A point: You should never knock contentment or happiness that sneaks up on you; you may just have found a good thing, so lean into it.  It's a surprise, I'm sure, to find a dash of joy in an arena you've been avoiding, or one you never saw in the cards, but it would be folly to push it away once you've bloomed to it.  You need to continue to strive and grow, and your path will certainly be dictated by where you "settle" and what you can learn there.  You should also understand that your original desires will evolve and guide you out of your current state.

Change is the only constant, and you will be guided forward, willingly or holding onto the floor. Your choice.  Be that down the street or otherwheres, have faith in the unfolding of your story.

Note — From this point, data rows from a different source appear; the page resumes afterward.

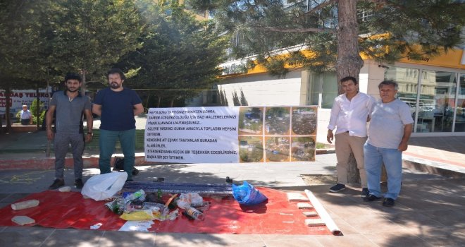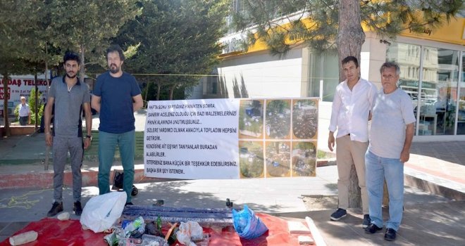 Tekirdağın Çerkezköy ilçesinde duyarlı vatandaşlar parktan topladıkları çöpleri belediye meydanında sergiledi. Çöp sergisinde açılan pankarttaki yazılar da ilgi odağı oldu.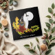 Um lobo uivando em uma lua de cheio com folhas de outono e bolotas contra um pano de fundo de preto.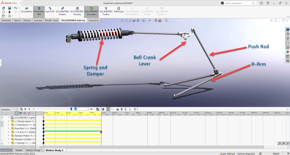 This SOLID Saturday we have suspension system mechanism animation here. Previously we have seen the optimization of the bell crank lever with functional generative design. This time I've created the motion of the Suspension damper with functional spring. This can be done using the inter component references as I did for the spring. This mechanism is used widely in the vehicles in which the A-Arm is used to connect the suspension push rod and the upright. Then the load is transferred from the A-Arm to bell crank and then to the damper by changing the direction of the force.

I went hiking a few weeks back and felt a good shift happen.  Flooded in a series of epiphanies, I think I re-found myself, oddly at peace with the woods.  As the old hymnal goes:

When peace, like a river, attendeth my way,
When sorrows like sea billows roll;
Whatever my lot, Thou has taught me to say,
It is well, it is well, with my soul.

Keep holding true, my friends.  If nothing else, be content that you are part of life, and find joy - wherever you are - in bearing witness to it.